__BRIEF__
Please write out only the lines from the line with "Oui, vous pouvez" to the line with "Floor plans are", inclusive, exactly as they stand below, without the pictures.
--- DATA SUPPLIED Enclosed Below ---
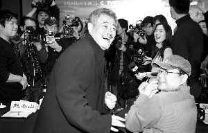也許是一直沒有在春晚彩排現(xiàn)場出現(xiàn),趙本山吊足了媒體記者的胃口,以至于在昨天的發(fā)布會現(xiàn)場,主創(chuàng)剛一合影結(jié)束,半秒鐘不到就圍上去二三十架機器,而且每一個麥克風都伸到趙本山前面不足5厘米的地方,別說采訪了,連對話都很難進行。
--- End of Enclosed DATA SUPPLIED ---
--- DATA SUPPLIED Enclosed Below ---
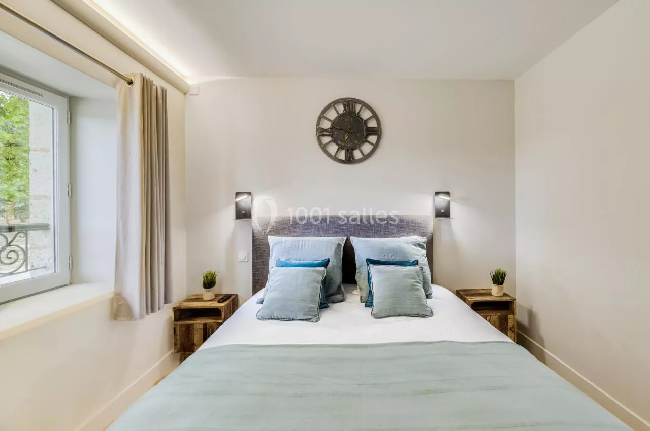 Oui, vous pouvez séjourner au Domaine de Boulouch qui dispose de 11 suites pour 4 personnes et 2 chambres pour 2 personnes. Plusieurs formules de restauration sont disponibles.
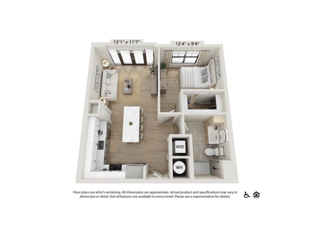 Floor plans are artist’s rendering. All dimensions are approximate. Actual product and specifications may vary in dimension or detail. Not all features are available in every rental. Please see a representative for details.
--- End of Enclosed DATA SUPPLIED ---
--- DATA SUPPLIED Enclosed Below ---
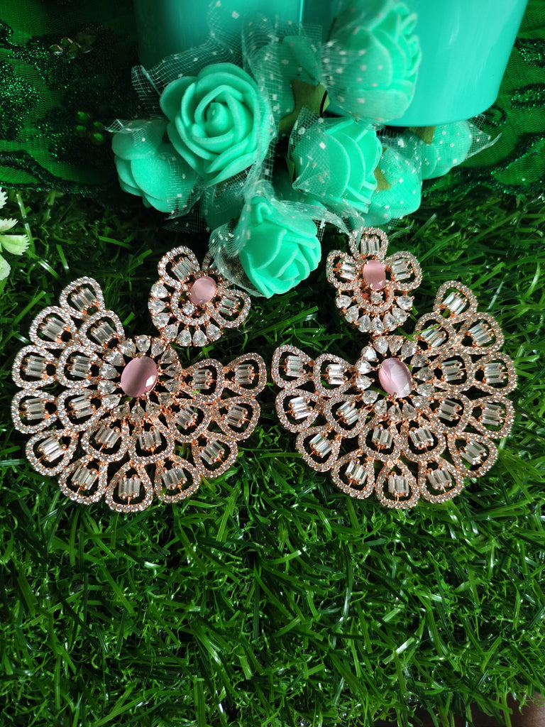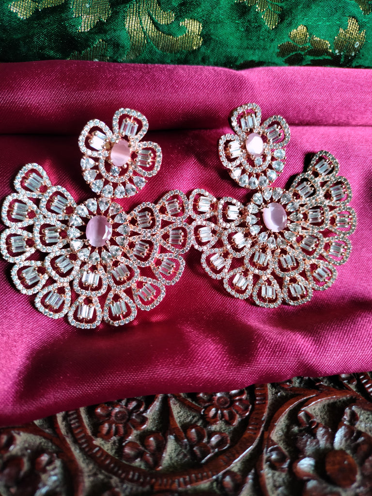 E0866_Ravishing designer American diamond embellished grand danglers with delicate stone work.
--- End of Enclosed DATA SUPPLIED ---
__RESULT BELOW__
 Oui, vous pouvez séjourner au Domaine de Boulouch qui dispose de 11 suites pour 4 personnes et 2 chambres pour 2 personnes. Plusieurs formules de restauration sont disponibles.
 Floor plans are artist’s rendering. All dimensions are approximate. Actual product and specifications may vary in dimension or detail. Not all features are available in every rental. Please see a representative for details.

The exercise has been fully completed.